:: ASSIGNMENT ::
The copy must match the data word for word and contain no pictures.

---- DATASET SECTION

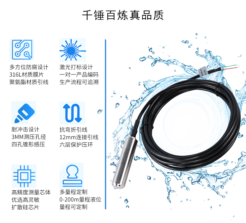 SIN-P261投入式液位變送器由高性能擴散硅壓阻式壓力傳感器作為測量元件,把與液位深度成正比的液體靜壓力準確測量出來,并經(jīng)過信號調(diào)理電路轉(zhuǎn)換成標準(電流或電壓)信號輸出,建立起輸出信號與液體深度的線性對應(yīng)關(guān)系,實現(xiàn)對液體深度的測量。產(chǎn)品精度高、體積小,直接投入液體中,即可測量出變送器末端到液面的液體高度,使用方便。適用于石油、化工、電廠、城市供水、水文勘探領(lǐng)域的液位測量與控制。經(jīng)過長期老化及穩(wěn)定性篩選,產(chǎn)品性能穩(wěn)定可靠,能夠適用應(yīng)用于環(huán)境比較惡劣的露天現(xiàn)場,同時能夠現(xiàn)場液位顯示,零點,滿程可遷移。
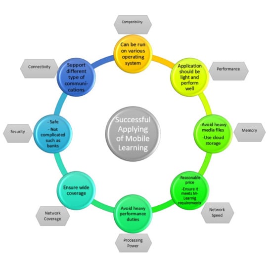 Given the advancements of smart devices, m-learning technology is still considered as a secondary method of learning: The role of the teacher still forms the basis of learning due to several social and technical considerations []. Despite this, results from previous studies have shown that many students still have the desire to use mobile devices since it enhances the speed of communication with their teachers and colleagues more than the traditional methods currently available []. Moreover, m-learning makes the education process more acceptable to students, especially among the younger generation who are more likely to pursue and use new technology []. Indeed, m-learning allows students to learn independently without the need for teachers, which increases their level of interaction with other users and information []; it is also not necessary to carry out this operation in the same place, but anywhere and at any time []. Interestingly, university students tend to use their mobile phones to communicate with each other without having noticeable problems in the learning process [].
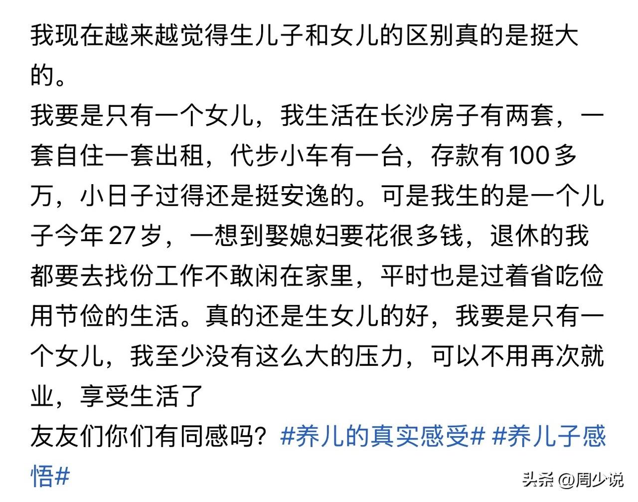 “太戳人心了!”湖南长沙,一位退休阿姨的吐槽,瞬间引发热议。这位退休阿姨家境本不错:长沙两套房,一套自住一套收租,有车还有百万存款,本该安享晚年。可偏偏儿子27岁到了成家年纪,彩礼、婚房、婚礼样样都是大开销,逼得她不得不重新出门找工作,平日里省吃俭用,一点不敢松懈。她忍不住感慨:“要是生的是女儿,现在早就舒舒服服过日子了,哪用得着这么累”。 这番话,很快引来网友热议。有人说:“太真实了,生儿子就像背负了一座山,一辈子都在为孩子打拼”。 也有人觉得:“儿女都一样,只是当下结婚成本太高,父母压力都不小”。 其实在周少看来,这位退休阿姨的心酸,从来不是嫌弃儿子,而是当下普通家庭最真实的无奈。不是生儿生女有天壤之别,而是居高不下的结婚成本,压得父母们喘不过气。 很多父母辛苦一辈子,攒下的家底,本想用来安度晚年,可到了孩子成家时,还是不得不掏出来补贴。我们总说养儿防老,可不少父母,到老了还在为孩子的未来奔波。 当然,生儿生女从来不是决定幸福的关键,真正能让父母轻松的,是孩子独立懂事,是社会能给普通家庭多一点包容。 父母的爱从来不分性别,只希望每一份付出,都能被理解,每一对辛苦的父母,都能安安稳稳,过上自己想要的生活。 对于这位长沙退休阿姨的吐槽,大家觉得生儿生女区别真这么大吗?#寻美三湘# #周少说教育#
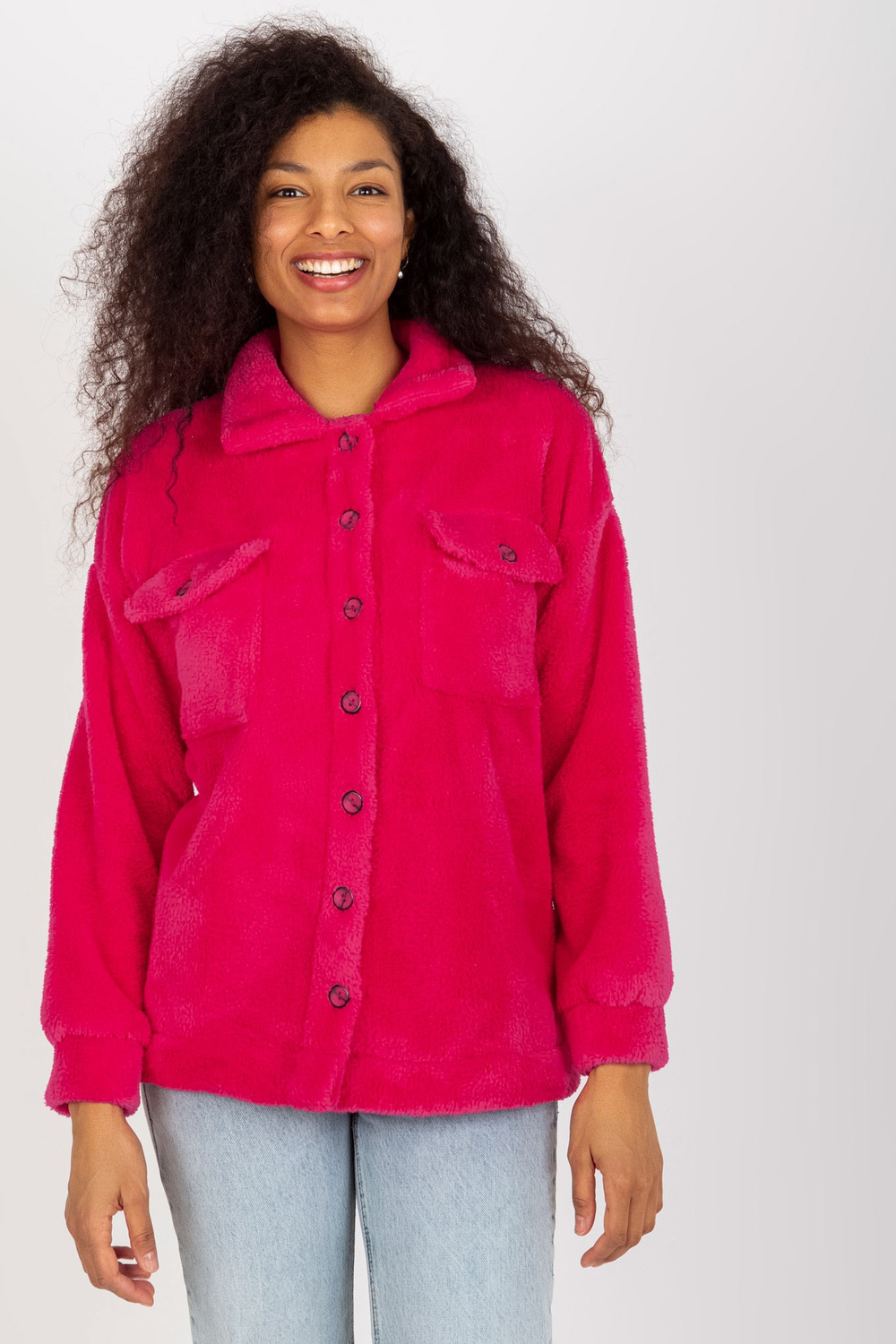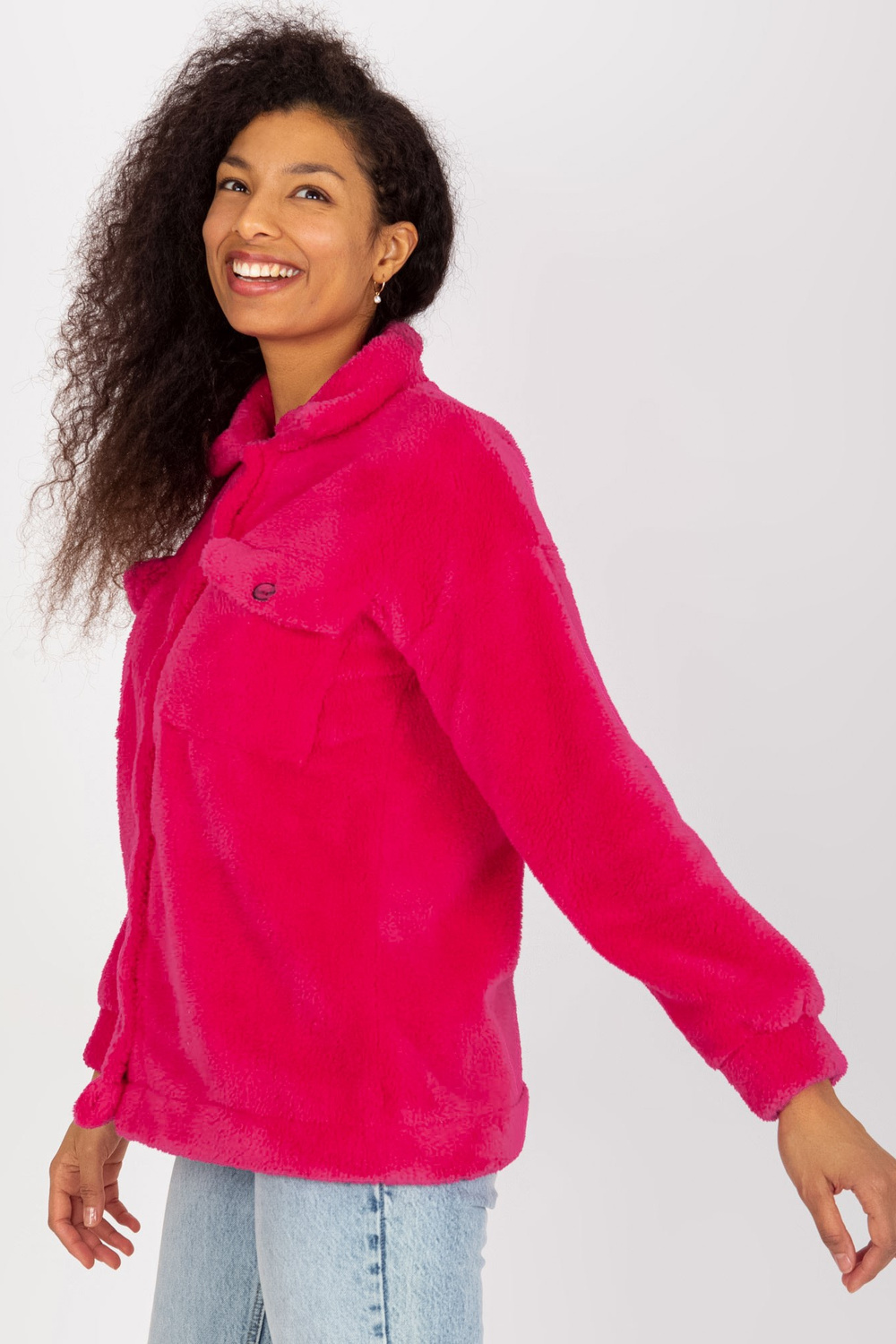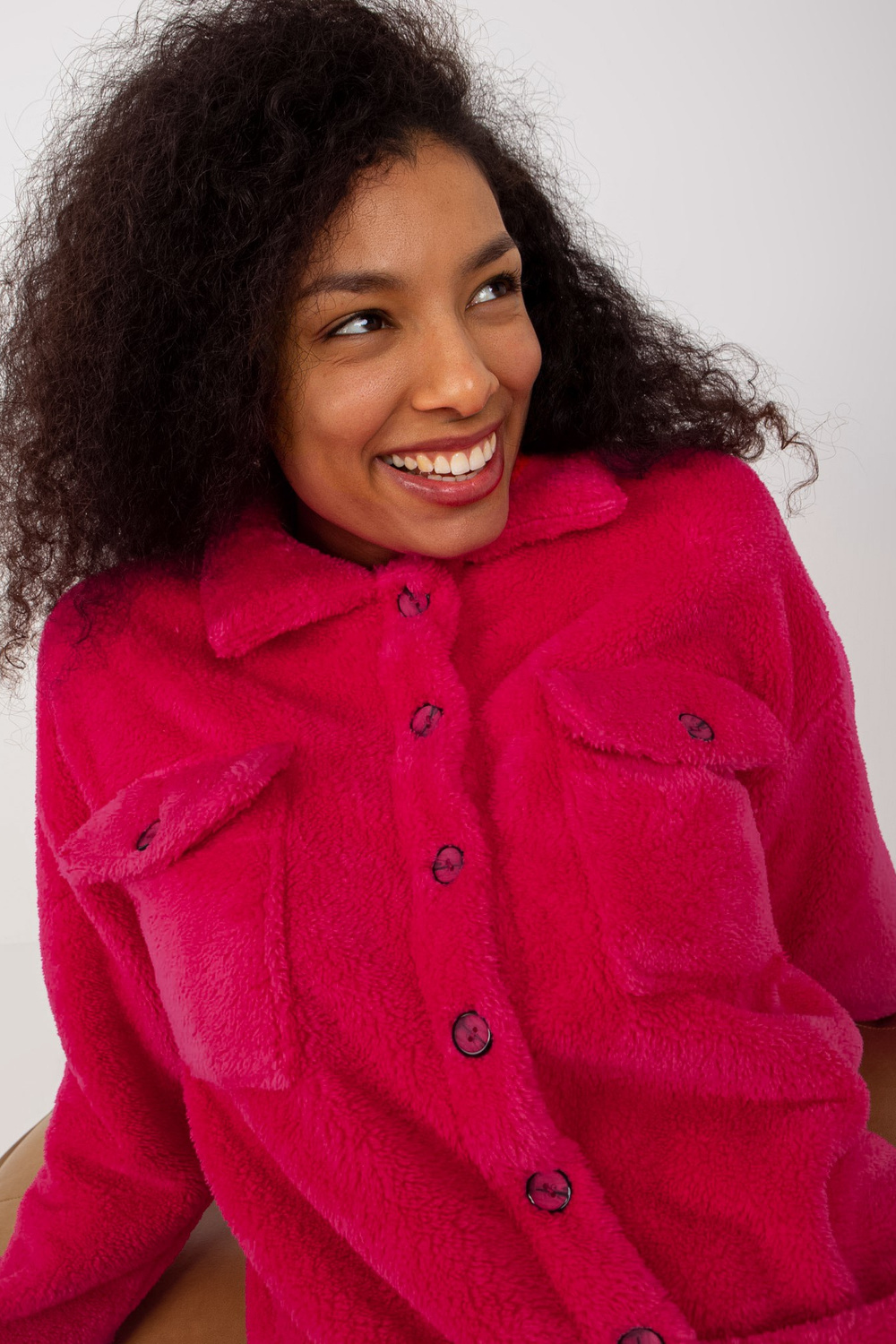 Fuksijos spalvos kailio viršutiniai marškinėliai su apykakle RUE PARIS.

--------

:: ANSWER ::
 SIN-P261投入式液位變送器由高性能擴散硅壓阻式壓力傳感器作為測量元件,把與液位深度成正比的液體靜壓力準確測量出來,并經(jīng)過信號調(diào)理電路轉(zhuǎn)換成標準(電流或電壓)信號輸出,建立起輸出信號與液體深度的線性對應(yīng)關(guān)系,實現(xiàn)對液體深度的測量。產(chǎn)品精度高、體積小,直接投入液體中,即可測量出變送器末端到液面的液體高度,使用方便。適用于石油、化工、電廠、城市供水、水文勘探領(lǐng)域的液位測量與控制。經(jīng)過長期老化及穩(wěn)定性篩選,產(chǎn)品性能穩(wěn)定可靠,能夠適用應(yīng)用于環(huán)境比較惡劣的露天現(xiàn)場,同時能夠現(xiàn)場液位顯示,零點,滿程可遷移。
 Given the advancements of smart devices, m-learning technology is still considered as a secondary method of learning: The role of the teacher still forms the basis of learning due to several social and technical considerations []. Despite this, results from previous studies have shown that many students still have the desire to use mobile devices since it enhances the speed of communication with their teachers and colleagues more than the traditional methods currently available []. Moreover, m-learning makes the education process more acceptable to students, especially among the younger generation who are more likely to pursue and use new technology []. Indeed, m-learning allows students to learn independently without the need for teachers, which increases their level of interaction with other users and information []; it is also not necessary to carry out this operation in the same place, but anywhere and at any time []. Interestingly, university students tend to use their mobile phones to communicate with each other without having noticeable problems in the learning process [].
 “太戳人心了!”湖南长沙,一位退休阿姨的吐槽,瞬间引发热议。这位退休阿姨家境本不错:长沙两套房,一套自住一套收租,有车还有百万存款,本该安享晚年。可偏偏儿子27岁到了成家年纪,彩礼、婚房、婚礼样样都是大开销,逼得她不得不重新出门找工作,平日里省吃俭用,一点不敢松懈。她忍不住感慨:“要是生的是女儿,现在早就舒舒服服过日子了,哪用得着这么累”。 这番话,很快引来网友热议。有人说:“太真实了,生儿子就像背负了一座山,一辈子都在为孩子打拼”。 也有人觉得:“儿女都一样,只是当下结婚成本太高,父母压力都不小”。 其实在周少看来,这位退休阿姨的心酸,从来不是嫌弃儿子,而是当下普通家庭最真实的无奈。不是生儿生女有天壤之别,而是居高不下的结婚成本,压得父母们喘不过气。 很多父母辛苦一辈子,攒下的家底,本想用来安度晚年,可到了孩子成家时,还是不得不掏出来补贴。我们总说养儿防老,可不少父母,到老了还在为孩子的未来奔波。 当然,生儿生女从来不是决定幸福的关键,真正能让父母轻松的,是孩子独立懂事,是社会能给普通家庭多一点包容。 父母的爱从来不分性别,只希望每一份付出,都能被理解,每一对辛苦的父母,都能安安稳稳,过上自己想要的生活。 对于这位长沙退休阿姨的吐槽,大家觉得生儿生女区别真这么大吗?#寻美三湘# #周少说教育#
 Fuksijos spalvos kailio viršutiniai marškinėliai su apykakle RUE PARIS.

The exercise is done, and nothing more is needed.